The Texas Legislature is considering a bill to regulate sales-based financing transactions. If passed, Senate Bill 2677 would be the first in the nation to cap the cost of sales-based financing. The bill would define the term "sales-based financing" to mean a transaction that is repaid by the recipient to the provider of the financing as a percentage of sales or revenue, in which the payment amount may increase or decrease according to the volume of sales made or revenue received by the recipient or according to a fixed payment mechanism that provides for a reconciliation process that adjusts the payment to an amount that is a percentage of sales or revenue. Unlike other laws regulating sales-based financing, the bill does not include an exemption for low-volume providers. If enacted, the bill would take effect on September 1, 2025, except for the broker registration requirement, which would take effect on January 1, 2026.

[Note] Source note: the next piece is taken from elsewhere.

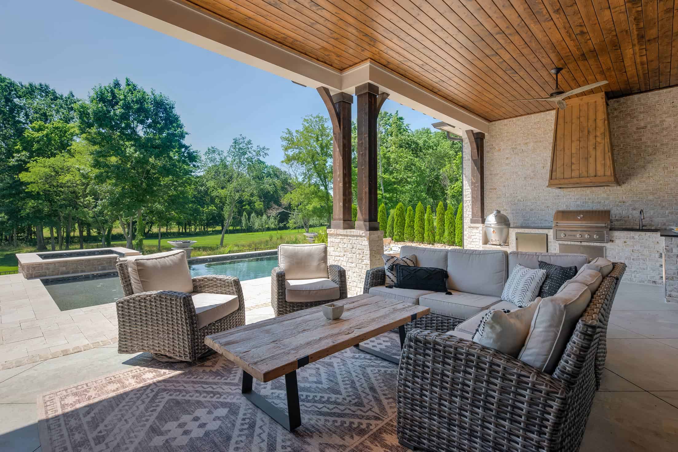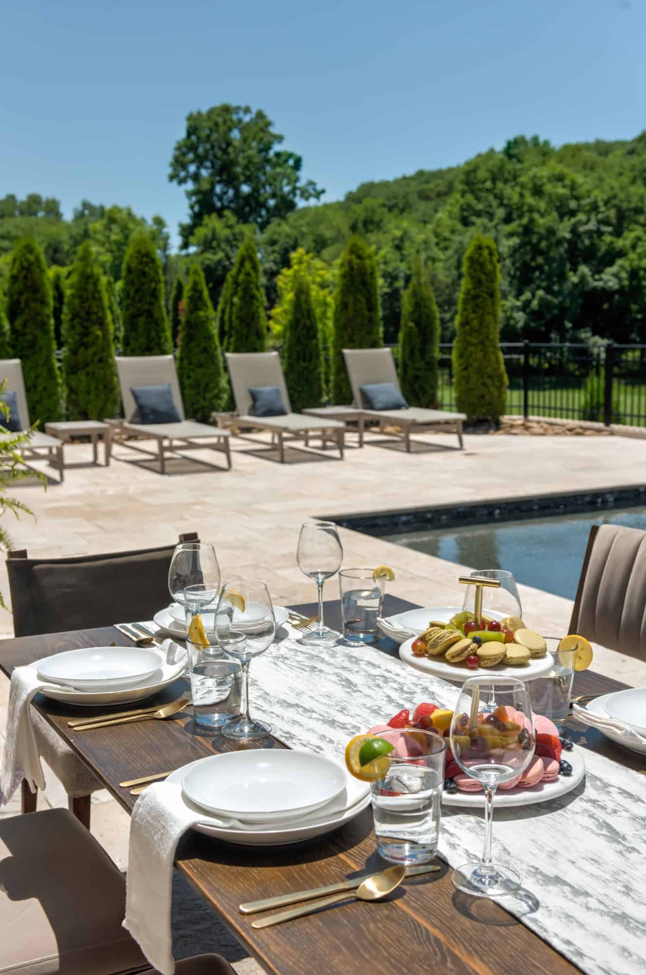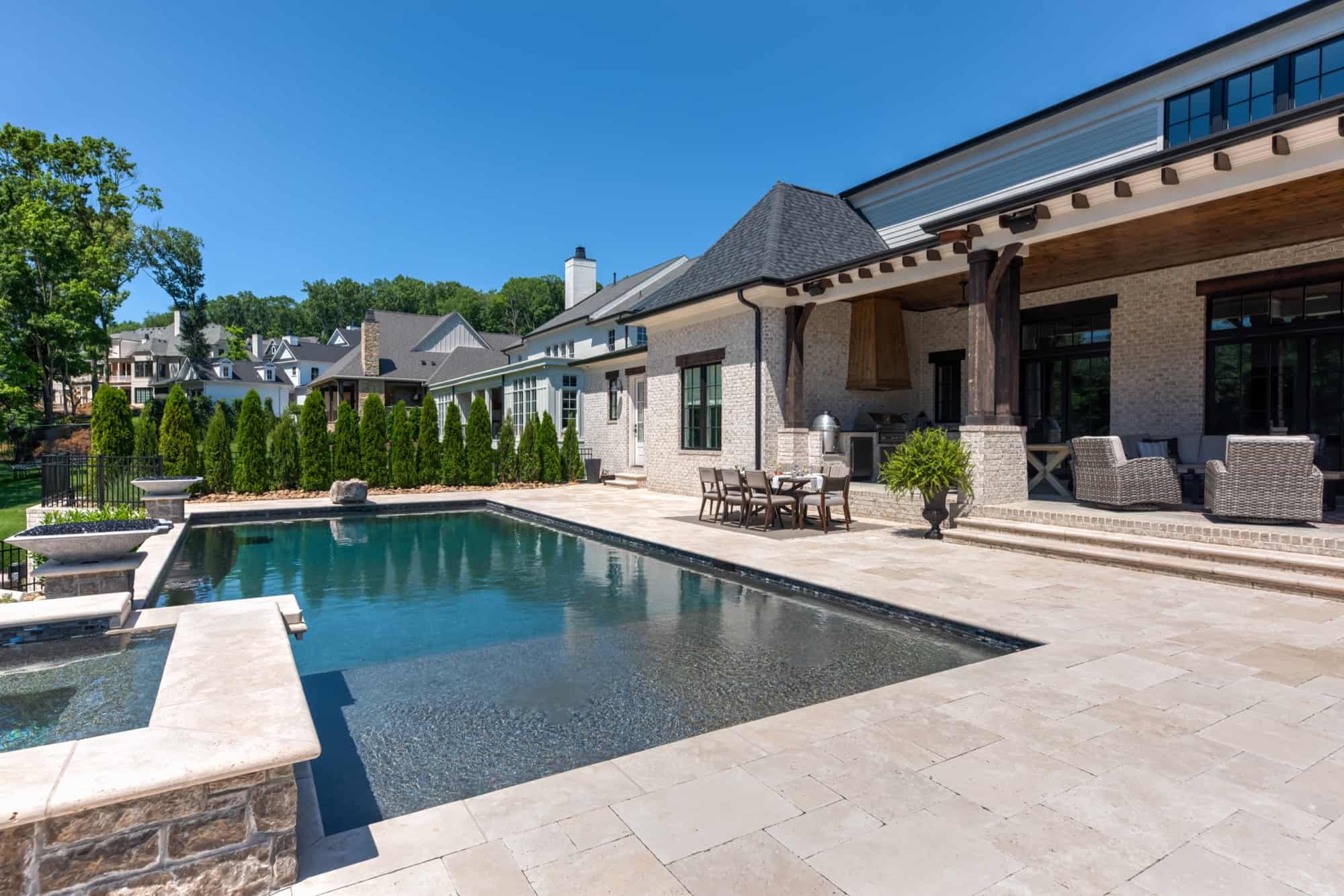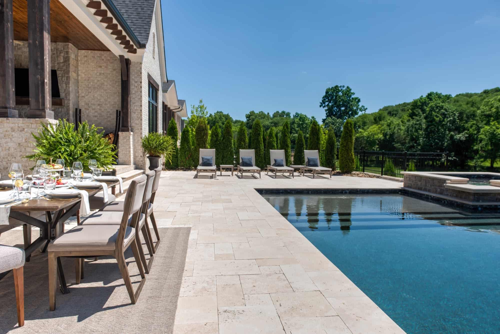 Showcase your property views at every angle. This project features a pool with a large deck perfect for sunbathing or hosting a large dinner with friends. It also has a grand entrance with retaining walls and a landing deck perfect for watching the sunset or talking a moment in nature.

Under S.B. 2677, fees and charges paid or charged under a sales-based financing transaction count as interest under state usury law, regardless of the amount financed. Texas's usury cap adjusts between 18% and 28% and is currently 18%, according to the website of the Texas Office of Consumer Credit Commissioner. Because the bill does not require disclosure of an APR or interest rate, it is unclear how the interest rate of a sales-based financing transaction would be determined for usury purposes.

The bill specifies that a sales-based financing transaction is not an "account purchase transaction" (account purchase transactions are exempt from Texas usury law), regardless of the amount financed. An account purchase transaction includes factoring and, according to at least one Texas court, sales-based financing agreements. See Express Working Capital, LLC v. Starving Students, Inc., 28 F.Supp.3d 660 (N.D. Tex. June 24, 2014) (explaining that agreements to purchase future credit card receipts were account purchase transactions under Texas law, not loans). As a result, the bill amends Texas law to exclude sales-based financing from this statutory exemption from usury.

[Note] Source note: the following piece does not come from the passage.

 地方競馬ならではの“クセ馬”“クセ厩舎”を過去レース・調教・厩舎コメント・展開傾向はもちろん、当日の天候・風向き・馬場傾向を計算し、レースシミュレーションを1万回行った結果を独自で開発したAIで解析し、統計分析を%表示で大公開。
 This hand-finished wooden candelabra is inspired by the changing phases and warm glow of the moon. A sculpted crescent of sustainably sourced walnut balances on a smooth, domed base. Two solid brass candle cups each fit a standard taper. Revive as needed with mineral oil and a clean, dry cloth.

Like other laws regulating sales-based financing, S.B. 2677 requires a provider to give certain disclosures to a recipient before consummation of a transaction. The required disclosures include the amount financed, amount disbursed, finance charge, total repayment amount, estimated term, estimated payment schedule, list of non-finance charge fees, finance charges and fees payable upon prepayment, collateral requirements, and (for renewal financing) whether any part of the amount financed will be used to pay down finance charges or prepayment fees on a previous transaction. The bill requires these disclosures for a transaction with an amount financed greater than $500,000.

The bill requires brokers of sales-based financing transactions to register with the Texas Department of Banking and to renew their registrations annually by January 31. The bill does not require financers to register.

The bill provides for a maximum penalty of $10,000 per violation or $100,000 per series of violations. It also declares a violation to be a deceptive trade practice, indirectly granting a private right of action.